Quigley 2024 (updated recommendations)

Quigley, K. S., Gianaros, P. J., Norman, G. J., Jennings, J. R., Berntson, G. G., & de Geus, E. J. C. (2024). Publication guidelines for human heart rate and heart rate variability studies in psychophysiology — Part 1: Physiological underpinnings and foundations of measurement. Psychophysiology, 61(9), e14604. DOI: 10.1111/psyp.14604

Implemented: - Artifact reporting with a quality-grade system - Exclusion threshold of >10% artifacts - Full pipeline reporting (detection method, correction, segment length)

Lipponen & Tarvainen 2019 (artifact correction)

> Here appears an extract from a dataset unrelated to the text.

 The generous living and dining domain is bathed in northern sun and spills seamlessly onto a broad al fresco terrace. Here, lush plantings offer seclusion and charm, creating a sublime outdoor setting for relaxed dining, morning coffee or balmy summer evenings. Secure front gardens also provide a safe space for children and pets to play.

Lipponen, J. A., & Tarvainen, M. P. (2019). A robust algorithm for heart rate variability time series artefact correction using novel beat classification. Journal of Medical Engineering & Technology, 43(3), 173–181. DOI: 10.1080/03091902.2019.1640306

Implemented: NeuroKit2's intervals_process(method="kubios") uses this algorithm.

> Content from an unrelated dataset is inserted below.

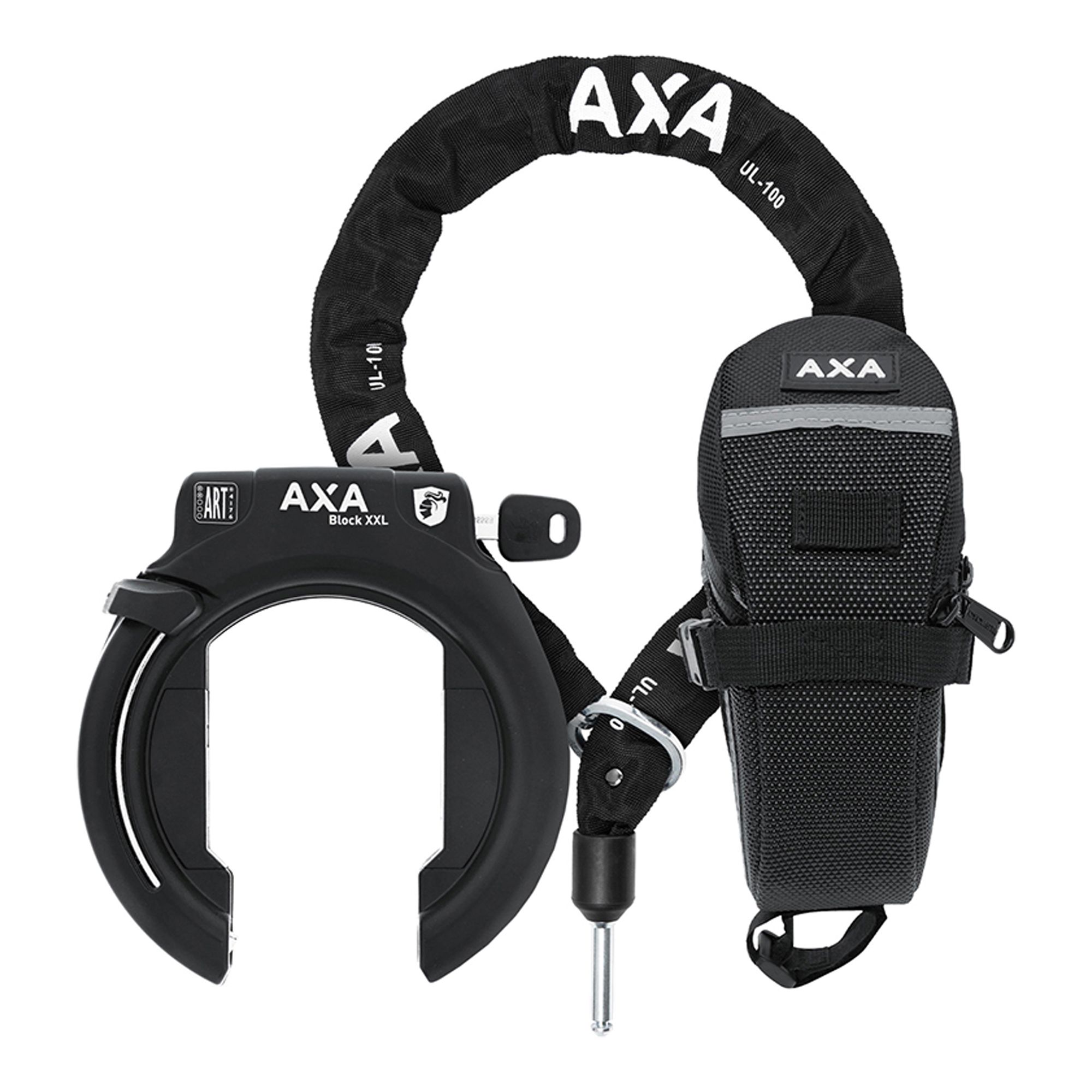 Det här setet innehåller AXA Block XXL, ULC 100 plug-in-kedja och en praktisk sadelväska. AXA Block XXL är ett högkvalitativt cykellås som erbjuder optimal säkerhet tack vare en borrskyddad cylinder och en bygel i härdat stål. Den ergonomiska designen på tryckknappen och möjligheten till nyckelbeställning online ger maximal bekvämlighet.

Tarvainen et al. 2002 (Smoothness Priors detrending)

Tarvainen, M. P., Ranta-Aho, P. O., & Karjalainen, P. A. (2002). An advanced detrending method with application to HRV analysis. IEEE Transactions on Biomedical Engineering, 49(2), 172–175. DOI: 10.1109/10.979357

Implemented in Kubios-compatible mode (freq_method="kubios"): nk.signal_detrend(method="tarvainen2002", regularization=500).

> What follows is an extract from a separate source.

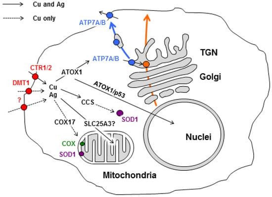 Scheme of copper and silver distribution in a mammalian cell. Copper is taken up via copper transporter 1 (CTR1), divalent metal transporter 1 (DMT1), or the putative transporter (all depicted as red circles). After being imported into the cell, the copper is transferred to chaperone antioxidant protein 1 (ATOX1), copper chaperone (CCS), and cytochrome-c-oxidase (COX17), which ferry it (black arrows) to both copper-transporting ATPase (ATP7A/B, blue) in the Golgi, to Cu, Zn-superoxide dismutase (SOD1, magenta) in the cytosol, and to cytochrome-c-oxidase (COX, green) in the mitochondria. Mitochondrial phosphate carrier protein (SLC25A3) transfers copper into the matrix. In the Golgi, ATP7A/B load Cu on newly synthesized cuproenzymes (orange circle), which transport it along the biosynthetic pathway (orange arrow). A significant increase in intracellular Cu induces the export of ATP7A/B (blue arrow) toward the post-Golgi compartments (TGN) and plasma membrane, where it drives the excretion of excessive Cu from the cell. Silver uses similar copper-transporting routes (solid black arrows). However, several copper-transporting pathways cannot be invaded by silver (dashed black arrows).
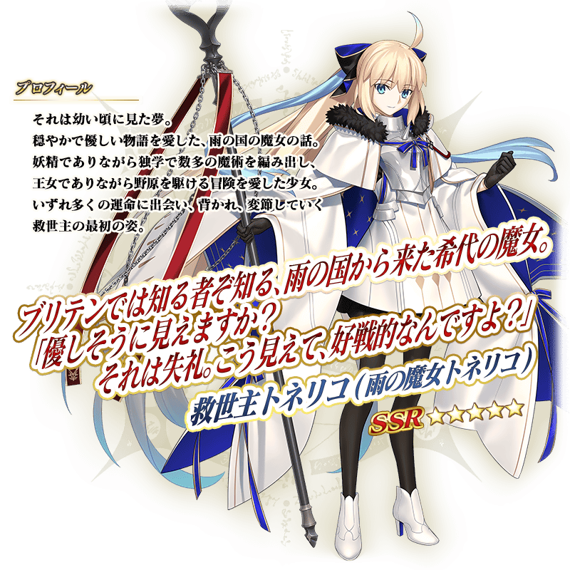 ※上記の「★5(SSR)救世主トネリコ(雨の魔女トネリコ)」のイラストは霊基再臨第2段階のものです。

Berntson et al. 1997 (HRV committee consensus)

Berntson, G. G., Bigger, J. T., Eckberg, D. L., Grossman, P., Kaufmann, P. G., Malik, M., Nagaraja, H. N., Porges, S. W., Saul, J. P., Stone, P. H., & van der Molen, M. W. (1997). Heart rate variability: Origins, methods, and interpretive caveats. Psychophysiology, 34(6), 623–648. DOI: 10.1111/j.1469-8986.1997.tb02140.x


4. One-page summary for students

RRational is scientifically valid because:

  1. Engine: It uses NeuroKit2, a peer-reviewed, widely cited standard library.
  2. Cross-validation: An independent comparison with Kubios HRV Scientific (5 participants, Kubios-aligned settings) shows agreement of |Δ| ≤ 6% for MeanNN/RMSSD/HF and |Δ| ≤ 9% for LF — at the favourable end of published open-source tool comparisons.
  3. Guideline-conformant: All calculations follow Task Force 1996, Quigley 2024, and Lipponen/Tarvainen 2019.
  4. Transparent pipeline: Every .rrational file records the artifact correction, quality grade, and detection method used.
  5. Optional Kubios mode: If a publication requires direct comparison with Kubios values, enable freq_method="kubios".

For the SDNN and pNN50 differences in your own validation, see the SDNN and pNN50 notes above and the Kubios Compatibility Guide.